I hear some version of this phrase all the time among Young Adult Friends. Our Meeting had a similar dialogue recently regarding membership. Some people took a very hard-line stance. Why wouldn't you want to be a member? What's holding you back? Others believed that membership was a process, a sort of personal development that sometime took years. Membership was not to be rushed into without sober contemplation. Speaking for myself, I know quickly whether I feel a part of any gathering. Should I believe this, I then adopt a strong desire to identify with it. But others aren't necessarily of the same leading as I am and I understand that.

Those reluctant to fully identify as Friends come from various religious or non-religious backgrounds. Some grew up in a faith that was restrictive and may have caused them damage. Some grew up without much of a religious orientation at all. It would seem that the issue is a personal one, but that itself is only a partial answer. A more complex answer speaks to how liberals often perceive of religion, which is to say with much caution. Anticipating the worst before entertaining the best is probably the best way to put it. This is also why Friends tend to be quite private about faith and unlikely to speak about the particulars in public.

It would also explain the fear of identifying too closely and especially not all at once. Here lies the angst and anxiety of a paradox: needing a spiritual outlet, but not wishing to be perceived wrongly by others. I myself have long gotten used to the never-ending conversation that MY Jesus is not like THEIR Jesus and here's why. Some people may not have the stomach or the stamina, but I guess I'm just too stubborn to surrender to one particular interpretation. And when it comes down to Quaker identity, I'm not ashamed to be seen as religious. Sure, that can be a loaded word, but I'd rather we redefine on our own terms what it means instead of giving in to a reductionist belief based on fear and sometimes even outright hate.

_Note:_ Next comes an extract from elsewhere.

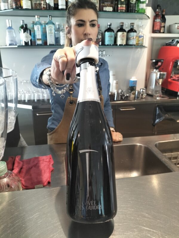 Innanzitutto, si tratta di viticoltura eroica, quella d’alta quota, e di uve che sono perfette sia per essere trasformate in vini fermi sia per la spumantizzazione metodo classico. L’altitudine ha la sua importanza, perché quella dei vigneti di Morgex e La Salle ha la valenza della latitudine nello Champagne. Nascono così le “bollicine dei ghiacciai”, prodotte in base alle classiche tecniche di spumantizzazione messe a punto a partire dal 1700 nello Champagne, applicate dalla metà del 1900 in Savoia e a partire dal 1983 in Valle d’Aosta dalla cantina di Morgex e La Salle, che può vantare il fatto di essere l’unica azienda in Valle d’Aosta a produrre spumante metodo classico a denominazione di origine controllata. Il prodotto-icona di questa spumantizzazione tra le nevi eterne è rappresentato dalla Cuvée des Guides, dedicata alle guide alpine di Courmayeur: dal 2003, guide e cantina si sono incontrate per vinificare il Prié Blanc, vitigno autoctono valdostano, oltre i 2000 metri con una spumantizzazione in quota e dal 2015, grazie alla collaborazione di Sky Way Monte Bianco, è stata creata una vera e propria cantina ai 2173 metri del Pavillon du Mont Fréty, dove ogni anno condizioni particolari di altitudine, pressione atmosferica e temperatura danno vita alla Cuvée des Guides, spumante metodo classico dalle caratteristiche uniche e rare.

It's easy to make assumptions about people based on a minimum of evidence. I can tell you that when someone cuts me off in traffic, I dare not write the first word that comes to mind. It's an instant reflex, but if I really want to follow what I believe, I'll try to see that of God in everyone, even in traffic jams. Even on crowded bus trips. The hard work that needs to be done involves encouraging people to not make snap judgments. We should neither apply them to others, nor apply them to ourselves. Why have we given other people the ability and agency to define who we are on their own terms?

I'll leave it to each Friend to decide for himself or herself whether they are fully or nominally Quaker. I will nonetheless encourage all to contemplate why they hold reluctance in their hearts. If faith and a spiritual (even religious) connection are why we are gathered here, does a fraction work better than the whole? If we strip fear away, what does our heart yearn for most? I do not intend to speak for everyone but merely encourage us to truly examine our leadings. In an ideal world, without the threat of misunderstanding, what words would we use to define ourselves?